Pain Management in Lyme Disease

Lyme disease is spread through the bite of infected blacklegged ticks, also known as deer ticks.  Ticks can attach to any part of the human body, but tend to reach areas that are difficult to see such as the groin, armpits, or scalp.  Ticks must be attached for 36 hours or more before the Lyme disease bacterium, Borrelia burgdorferi, can be transmitted.

There are four stages in the progression of Lyme disease.  The first stage, known as the early localized stage, takes place between 3-30 days after the tick bite.  The infected person can experience fatigue, chills, fever, headache, muscle and joint aches, and swollen lymph nodes.  One of the most prominent signs of this stage is the Erythema migrans rash, also known as the bull’s-eye rash for its unique shape.  This rash occurs in 60% of infected individuals. (CDC)

The second stage is known as the early disseminated stage and it occurs days to a week after the tick bite if the bite is not treated within the early localized stage.  During this stage, a person starts to experience more noticeable and serious symptoms.  These symptoms include Facial or Bell’s palsy, additional erythema migrans rashes, and stiffness due to meningitis.  At this point, patients begin to feel shooting pains that can interfere with sleep as well as pain and swelling in the large joints.

If the disease is not treated, 60% of patients enter into the late disseminated stage which happens months to years post-tick bite.  These individuals typically develop arthritis with severe pain and swelling in the joints.  It is typically found in the larger joints, for example the knees.  Arthritis caused by Lyme disease exhibits itself differently than other causes of arthritis.  Lyme arthritis is similar to osteoarthritis because of stiffness due to painful swollen joints.  This happens because Lyme bacteria invade the joints and cause inflammation to the tissue that lines the joints, and eventually, if untreated, can cause the cartilage within the joints to become damaged.[1]

The final stage is the lingering symptoms after treatment.  About 10-20% of patients experience symptoms after the patient has taken antibiotics.  This is called Post-treatment Lyme disease syndrome (PTLDS).  Some evidence shows this is due to an autoimmune response, in which the immune system is continuing to respond after the infection has been cleared, causing damage to be done to a body’s tissues.  Symptoms of PTLDS can include muscle and joint pain, cognitive defects, sleep disturbance, and fatigue. (CDC)

The quicker a doctor is able to diagnose Lyme disease, the quicker they can treat it.  Patients can be prescribed antibiotics in order to rid their system of the bacteria.  Most patients who are prescribed the antibiotic during the early stages usually recover quickly and completely.

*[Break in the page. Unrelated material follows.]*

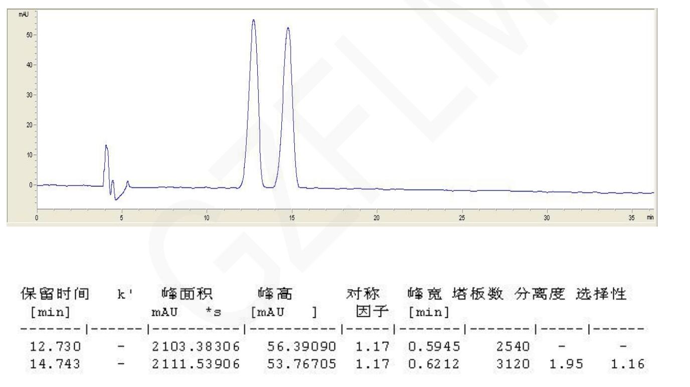 色譜柱:Chiral MZ(2)-RH 5μ 250*4.6mm(貨號(hào): FMG-AC5-B02-R)
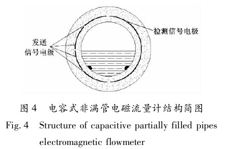 ②電容式非滿管軟化水流量計h。電容式非滿管軟化水流量計結構簡圖如圖4所示。、檢測信號電極 發送信號電

With the antibiotics working to take care of the bacteria, what is taking care of the pain associated with Lyme disease?  A patient can still be experiencing pain while taking these antibiotics, which progressively becomes worse throughout all the stages Lyme disease.  Patients who experience pain in association with Lyme disease are less likely to be active, sleep well, or eat properly due to pain.

Commonly prescribed pain medications are opioids and NSAIDs.  Both, although common, can be very dangerous.  According to a report released by the National Institute on Drug Abuse, there can be consequences when choosing to use an opioid.  Opioids are easy to abuse because of their addictive qualities.  Regular or long term use of opioids can lead to physical dependence and addiction. Once a patient stops using opioids, they can experience withdrawal symptoms such as restlessness, muscle and bone pain, insomnia, diarrhea, vomiting, cold flashes with goose bumps, and involuntary leg movements.  An overdose can cause severe respiratory depression and death. [2]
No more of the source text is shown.